While enduring the brutal climb in all its difficult stages, Mallory revisits his hopes, dreams and relationships, thinking of his beloved wife, his friends, all that is left behind and lost, those he has let down, his beautiful children, the expectations of himself and his country. The man was undoubtedly capable of handling almost anything except holding back or letting go, and his persona is laid out beautifully and quite tragically here.
The team Mallory travels with is as fierce and competitive as he is, and Mallory finds that he is distrusted by some members of the team who have climbed with him before and view him as reckless and obsessive. But this doesn’t stop him in determining his course.

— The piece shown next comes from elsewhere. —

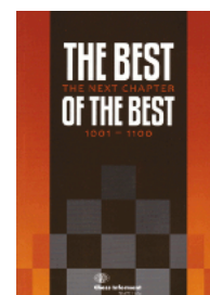
The Best of the Best: The Next Chapter by Chess Informant

Looking to the goal, the weight of potential achievement and leadership, he leads them forward to begin the grueling task that ends with lives taken.
The book details agonizing and strikingly beautiful details that surround Mallory’s historic journey, beginning with the process of traveling to Tibet, crossing rivers, passing settlements and the Rongbuk Monastery (“the last human outpost”), to finally reaching the base of Everest and beyond in what must have been an astoundingly beautiful view. Mallory’s excitement and angst are as much a part of the reader’s experience as anything, all things portrayed vividly but becoming more disturbing with each step of the road.
The expedition becomes more and more difficult with each new landmark achieved and every altitude record broken. The most comfortable these men ever seem to get is traveling to Tibet and reaching base camp, which is set at 17,000 feet and offers one of the only opportunities for comraderie they will get.
The materials they bring with them are infinitely interesting, including a number of fine foods, along with tobacco, petroleum jelly, oxygen, tents, champagne, whiskey and rope. This approach of bringing large quantities of gear and celebratory materials was new; Mallory recalls stories of early expeditions and climbing lore he had witnessed as being accomplished with a minimum, though some of these ended tragically. We learn of sad events witnessed by Mallory, including the death of mountaineer Maurice Wilson, whose body he found frozen upon Everest, the man seemingly content in his last moments. This trip being Mallory’s third voyage, it seems clear that Rideout felt he knew quite well what he was getting into and the probable outcome, the only uncertainty being the degree of acceptable loss and sacrifice he could allow others to take on his behalf.
ABOVE ALL THINGS is a fantastic novel on a subject that is terrifying, shocking, wondrous, achingly sad, and a part of recorded history. This is an immensely interesting, romantic read that will appeal strongly to mountaineers and nature/adventure seekers of all dispositions.